__INFORMATION PROVIDED__.
━━━━━━━━━━━━━━━━━━━━━━━━━━━━━━

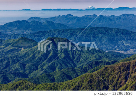 谷川岳・トマの耳から見る上越国境稜線と浅間山・富士山遠望
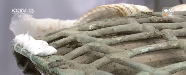 在這件被網(wǎng)友稱為月光寶盒的青銅器網(wǎng)格上,甚至在這件網(wǎng)格狀青銅器籠罩的玉石上面,考古工作者都發(fā)現(xiàn)了大量的絲織物殘留。這為解讀古蜀文明提供了非常有價(jià)值的信息。
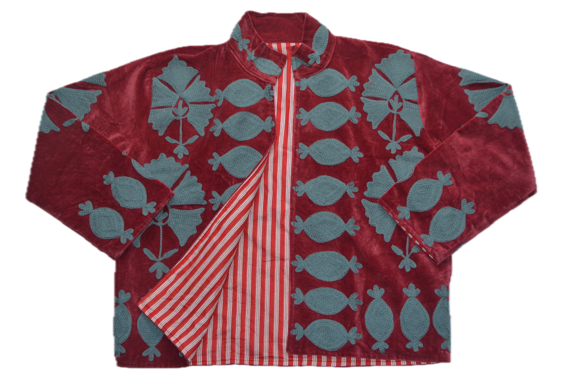 Totochic jackets combine a hand-dyed velvet exterior with colourful embroidery and a striped cotton lining inside. You can wear the jacket both sides! Totochic pieces also have a pocket on each side, left & right.
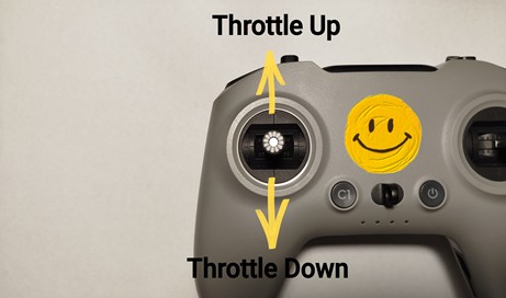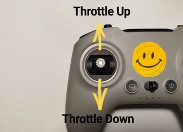 Lo Stick Sinistro, spostandolo in AVANTI o INDIETRO, comanda la funzione del “THROTTLE”, (detto più comunemente GAS) e ha il compito di ALZARE o ABBASSARE il drone e di dare PIU’ o MENO POTENZA quando il drone è in movimento!

━━━━━━━━━━━━━━━━━━━━━━━━━━━━━━

__WORK ITEM__. Drop the pictures, then transcribe the lines from the one containing "Totochic jackets combine" to the end of the data above, exactly and nothing more.

__SOLUTION FOR THIS TASK__.
 Totochic jackets combine a hand-dyed velvet exterior with colourful embroidery and a striped cotton lining inside. You can wear the jacket both sides! Totochic pieces also have a pocket on each side, left & right.
 Lo Stick Sinistro, spostandolo in AVANTI o INDIETRO, comanda la funzione del “THROTTLE”, (detto più comunemente GAS) e ha il compito di ALZARE o ABBASSARE il drone e di dare PIU’ o MENO POTENZA quando il drone è in movimento!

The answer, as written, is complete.